Mario Draghi, ECB president, intervened in what some policymakers fear has the makings of a global currency war, sending the euro to its lowest level against the dollar in nearly two weeks.
The recent strength of the euro has alarmed European businesses and politicians, since a sustained rise could kill off early signs that the battered eurozone might return to growth this year as exports pick up.
Mr Draghi also issued a veiled rebuke to François Hollande, France’s president, who this week called for a managed exchange rate – comments that had little effect on the euro. “President Hollande. Well, we should always remember that the ECB is independent”, he said. “We heard all over the world now talking up, talking down currencies. The ultimate judgement of the effectiveness of this strategy is to see what markets make of these statements.”

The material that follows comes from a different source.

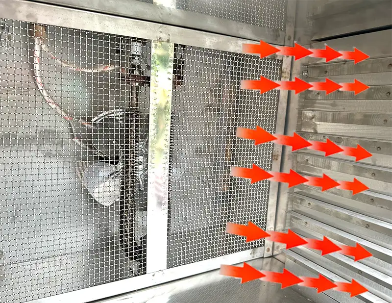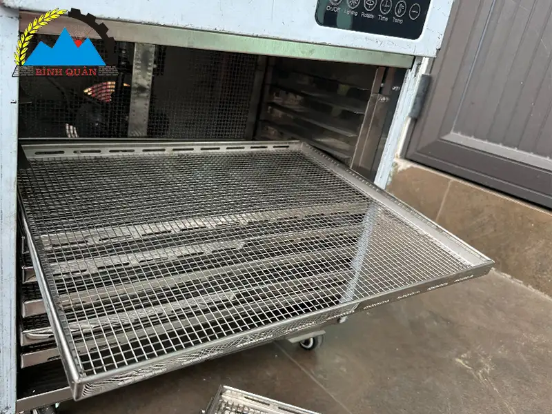 Bên trong khoang sấy khép kín với 10 tầng khay sấy dạng lưới kích cỡ 320*420mm, khoảng cách giữa các tầng khay sấy khoảng 3cm đảm bảo được hiệu quả sấy đều trên tất cả các khay

Against the backdrop of a perception that the ECB is the only big central bank left that is in effect tightening – because it is shrinking its balance sheet by letting banks pay back some of the €1 trillion in cheap funding it offered last year at the height of the crisis – Mr Draghi also made at least 10 mentions of the bank’s “accommodative” stance. The ECB chief, recycling phrases he has used in previous months, said “risks surrounding the economic outlook for the euro area continue to be on the downside”. But the bank still sees a gradual recovery starting in the second half of the year with a reduction in financial market tensions and the financial fragmentation of the 17-nation bloc.